Nothing in the proposal is a “warning shot” that regulators are trying to rein in commercial real estate lending, in McCarthy’s view, and none of the proposed changes are “groundbreaking.”
But it is an appropriate time to update existing recommendations because the industry has come through a different type of crisis with the pandemic—a medical one vs. a financial crisis, McCarthy says.
“It was due for a refresh, and it’s a welcome addition, especially as regulators are looking at the economic downturn and whether commercial real estate can weather that, as well as how our members and lenders and borrowers are looking at that too,” he notes. “It’s generally a positive development and, in particular, takes some valuable lessons that we and the regulators learned during the pandemic and some of the policy flexibility that we advocated for during the pandemic.”
A good example is how hotels experienced a lot of distress during the pandemic because they had to close down, but in many cases, their difficulties were temporary.
With the new proposals, regulators are taking steps to avoid the mistake that was made during the recession and financial crisis of the late 2000s, says Kyle Nagy, director of CommCap Advisors, a West Coast-based commercial mortgage banking firm. “Declining CRE values and NOIs forced banks to right-size or call loans to satisfy regulatory requirements,” Nagy says. “Even though borrowers were paying mortgages, they could not simultaneously right-size all properties across their portfolios and the dominos started to fall.”
Nagy cites how the proposed policy statement says prudent commercial real estate loan accommodations are often in the best interest of both the financial institution and borrower and that any institution that implements accomodations after a comprehensive review of the borrower’s financial condition “will not be subject to criticism for engaging in these efforts,” even if it results in modified loans that have weaknesses.

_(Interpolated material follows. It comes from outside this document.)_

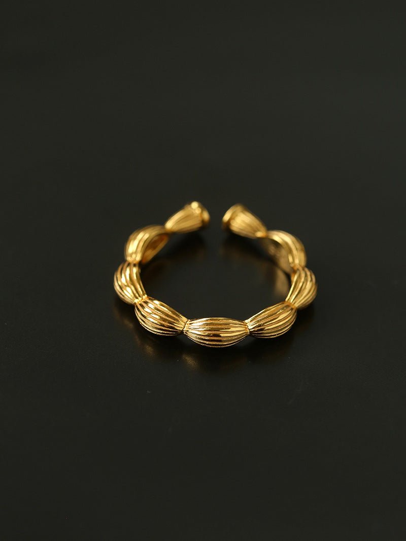 Paired with a minimalist seed motif ring, the set symbolizes the birth and growth of life, blending subtle storytelling with refined elegance. Perfect worn solo for understated charm or stacked for added dimension, transforming your fingertips into a miniature botanical garden.

In addition, modified loans to borrowers who have the ability to repay their debts according to reasonable terms “will not be subject to adverse classification solely because the value of the underlying collateral has declined to an amount that is less than the loan balance,” the proposal says.
“Allowing banks to create customized solutions for each client without fear of regulatory repercussion could have reduced the financial carnage of the Great Recession,” Nagy says “Right now it is proposed, but let’s hope the new language is implemented before the next downturn.”
The proposed statement would also reflect changes in generally accepting accounting principles (GAPP) applied since 2009, including those in relation to current expected credit losses (CECL). The discussion would align with existing regulatory reporting guidance and instructions that have also been updated to reflect current accounting requirements under GAAP.
“In some ways because of the way CECL works in terms of putting reserves ahead when you make the loan, a TDR (total debt restructuring) designation can almost be redundant, and there’s some criticism in the accounting community because of that,” says McCarthy.
MBA’s Flood calls it a “natural progression” for the regulators to make. Over the last couple of years, the new standard in CECL made changes at the highest level. Banks and institutions used to say they make a loan and, if there’s a loss, they put capital aside. CECL updated that practice to putting capital aside for the life of the loan, he notes.
“For loan workouts, the regulators need to update their regs to reflect CECL,” Flood says. “Part of this is simply doing their business and doing it right. ‘Hey, we have this new accounting rule, and we have loan workout rules because you can imagine if a loan goes into workout, it is probably at more risk and going to have more capital behind it.’”
The commercial real estate finance industry is “not that excited about the rule” because many people don’t think that it matches with how things work, Flood notes. But “the law is the law,” he adds, and the industry has to work with it.